For example, if the lowest Laplacian plane, L0, is of size N by N, then
the next plane L1 is of size N/2 by N/2. Therefore, if we can estimate
the L0 from a lowpass filtered image of size N/2 by N/2, we can achieve
compression by transmitting only the N/2 by N/2 image and estimating the
high frequency subband at the decoder.
Because there is a reduction of four to one from (higher frequency)
subband to (next-lower frequency) subband, the reverse process of estimation
involves one-to-many mapping[4]. Estimating from the
(lower frequency) subband to (next-higher) subband requires each pixel
in the lower subband (we will refer these pixels as the parent pixels)
to predict 4 pixels in the higher subband (we will refer these pixels as
the children pixels).

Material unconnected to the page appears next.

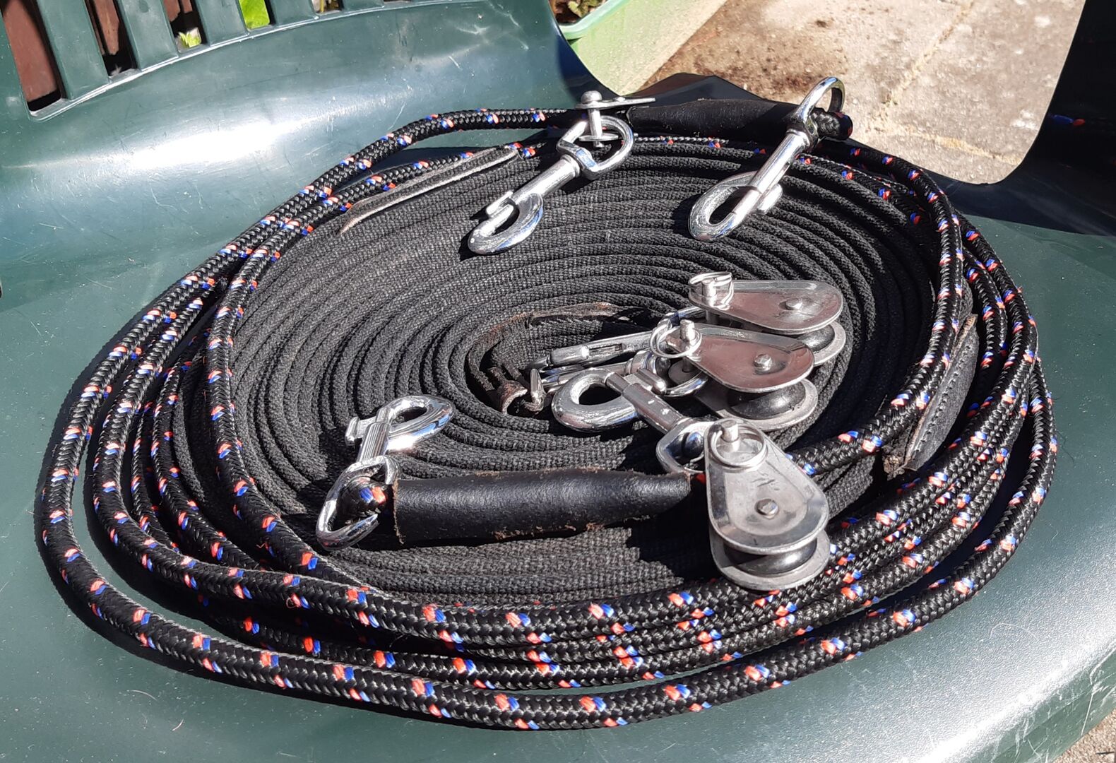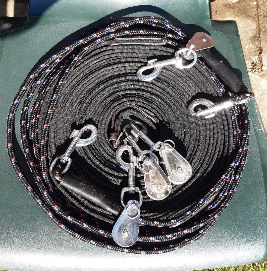 Podwójna lonża z 4 odłączanymi krążkami, ok. 18 m, z możliwością podziału - Dobry stan z niewielkimi śladami zużycia.
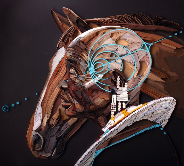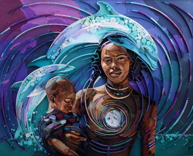 In her new pieces, Brodskaya continues to explore resilience and hope through dreamlike portraiture. She meticulously cuts, creases, and curls thin pieces of paper to build up a relief one strip at a time, adding mystical elements like swirls and geometric shapes. In “Envisage,” a human profile merges with that of a horse, while in “Mother Energy,” leaping dolphins reflect the strength, connection, and joy of motherhood.[…]

Therefore, our model has each parent pixel associated
with four functions that map the intensity value of the parent pixel to
each of the children pixels, respectively. It is in finding these functions
that define our 'relations' among subbands. Under the assumption of self-similarity
of the pixels among subbands, the four functions were simplified in our
model to scaling functions of the parent pixel value. In other words, the
children pixel values are described by the pixel value of its parent times
a scalar that characterizes the mapping from the parent to each child.
The visual explanation of this paragraph is given in the next figure.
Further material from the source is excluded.